• Supplied material:

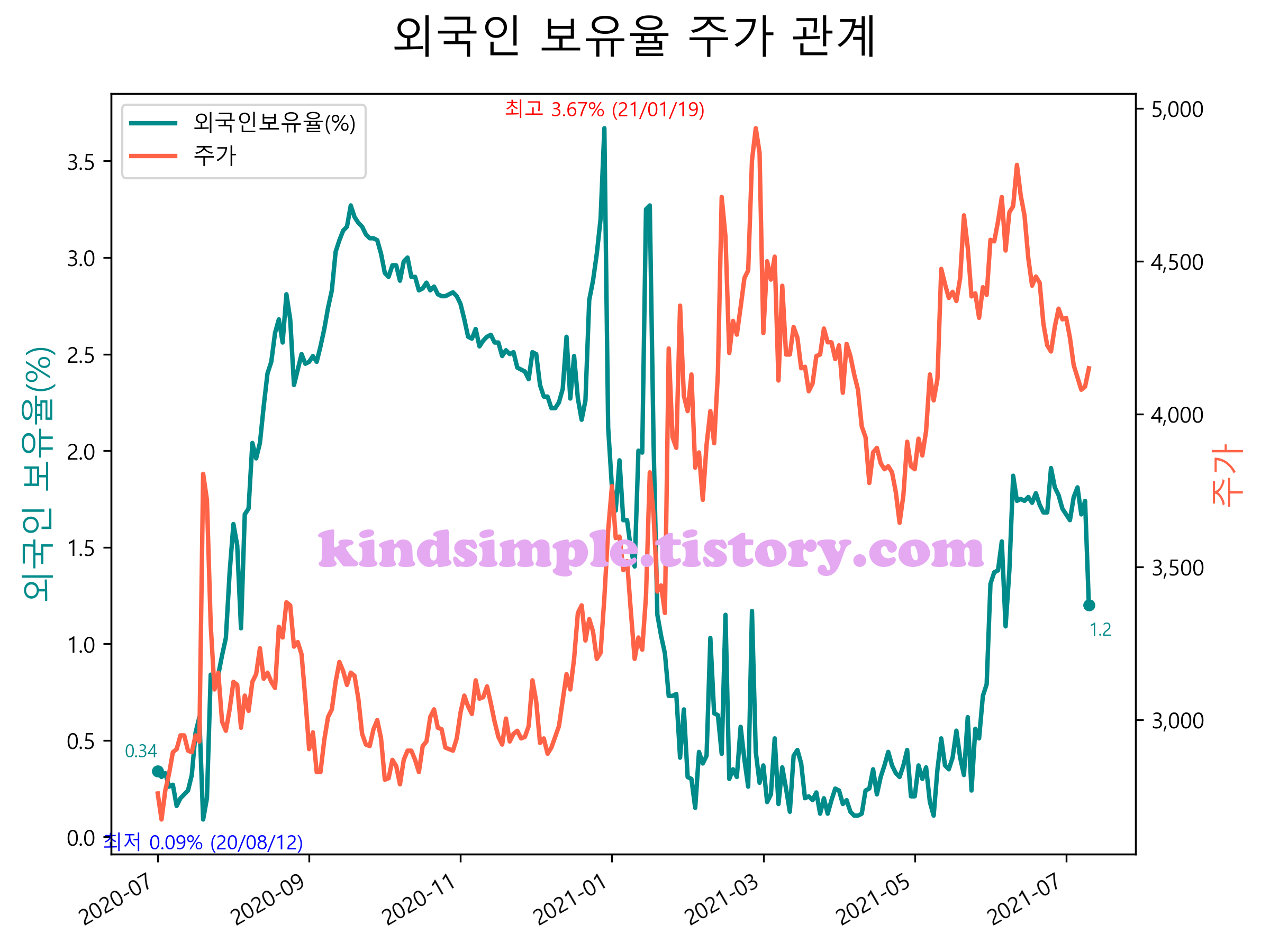 최근 1년간 외국인 보유율 및 주가와의 관계입니다.
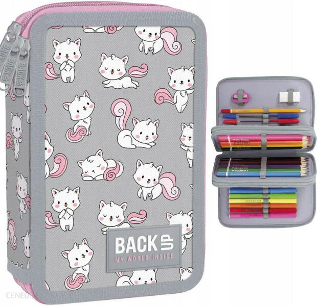 A BackUp Cicás felszerelt 3 emeletes tolltartó - Táncoló cicák (PB6EW26) teljes felszereltséggel kapható. A cuki cica mintával egyszerű és figyelemfelkeltő hatást nyújt, különlegesen kiemelik egyediségét a lila kiegészítők. Az iskolás fiúknak és lányoknak készült különleges tolltartó tartalma: 1 db golyóstoll, 1 db grafit ceruza, radír, hegyező, vonalzó, 9 db háro
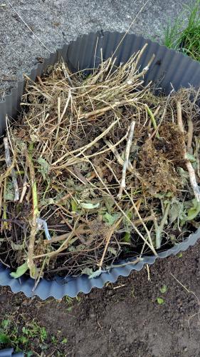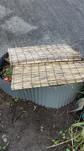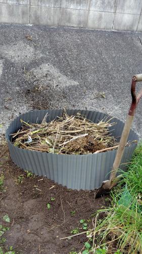 オクラやトマトやナスの抜いた葉や茎を 囲って、上によしずを乗せた。 ナメクジやダンゴムシが大量に繁殖するだろうから、トラップをたくさん設置した。 下の方が腐葉土になったら土に混ぜたい。
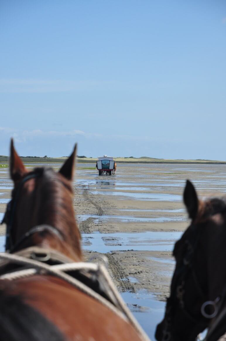 De tocht met de huifkar geeft een gevoel van verbondenheid met het eiland en de natuur. Het geluid van de hoeven, de zilte zeelucht en het weidse uitzicht over strand en zee maken dit tot een bijzonder en intiem afscheid.

• Exercise details: The material should be returned verbatim, with all images omitted.

• Answer space:
 최근 1년간 외국인 보유율 및 주가와의 관계입니다.
 A BackUp Cicás felszerelt 3 emeletes tolltartó - Táncoló cicák (PB6EW26) teljes felszereltséggel kapható. A cuki cica mintával egyszerű és figyelemfelkeltő hatást nyújt, különlegesen kiemelik egyediségét a lila kiegészítők. Az iskolás fiúknak és lányoknak készült különleges tolltartó tartalma: 1 db golyóstoll, 1 db grafit ceruza, radír, hegyező, vonalzó, 9 db háro
 オクラやトマトやナスの抜いた葉や茎を 囲って、上によしずを乗せた。 ナメクジやダンゴムシが大量に繁殖するだろうから、トラップをたくさん設置した。 下の方が腐葉土になったら土に混ぜたい。
 De tocht met de huifkar geeft een gevoel van verbondenheid met het eiland en de natuur. Het geluid van de hoeven, de zilte zeelucht en het weidse uitzicht over strand en zee maken dit tot een bijzonder en intiem afscheid.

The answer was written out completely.